Additional Notes: The most common administration route in research settings is intranasal. Dosing for intranasal administration varies significantly between studies. IV and IM routes are primarily used in clinical settings for labor, delivery, and postpartum hemorrhage.
This researcher-reported dosing information was compiled from unverified community sources and does not represent validated scientific or medical guidance.
Oxytocin has a mature clinical and post-marketing history rather than a still-forming development program. Clinical-trial content should therefore emphasize the breadth of established use plus ongoing research questions in behavioral and psychiatric domains. Users should be able to distinguish routine approved practice from experimental CNS applications.
Oxytocin is an established approved medicine in multiple jurisdictions and a core obstetric therapeutic. The repository should label it as approved / clinically established, with acetate captured as a formulation or ingredient detail rather than as a separate development-stage novelty product.
13. References and source quality
Highest-value sources include FDA labeling and regulatory documents for oxytocin injection, authoritative obstetric guidelines, and major pharmacology references such as PubChem and standard drug monographs.
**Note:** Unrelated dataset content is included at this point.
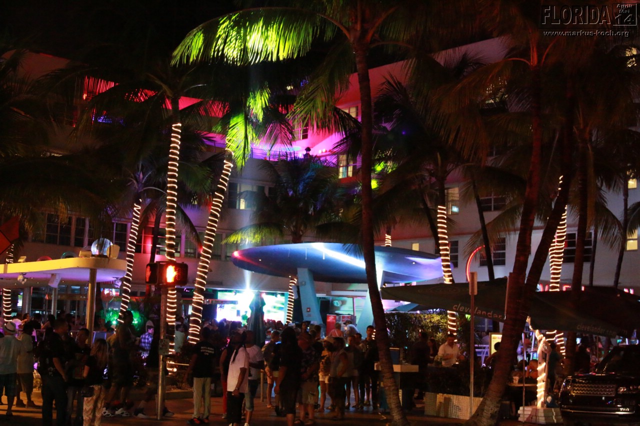 Aus dem Grund hat es dann auch etwas gedauert, bis wir direkt an unserem Hotel „Bentley“ am Ocean Drive waren. Aus unserem Fenster des Hotels oder von oben am Pool konnten wir das lustige Treiben schon erkennen. Hochgebockte Autos, aus denen der Gangster-Sound vibrierte. Es war am Ocean Drive die Hölle los, wir sind mal hoch und wieder zurück gelaufen.

Behavioral-use narratives from research or popular media should be stored separately from the core approved-use source stack.
Important manufacturing fields include peptide synthesis quality, salt form, sterility, preservative content, concentration, vial or ampule presentation, and cold-chain or storage instructions. Because oxytocin is a hospital medicine, formulation and stability details matter in a more conventional pharmaceutical way than in many research-peptide entries.
Version 0.1 starter entry created March 14, 2026. Evidence basis for this draft: FDA labeling, core pharmacology references, and established clinical practice context. Confidence level: high.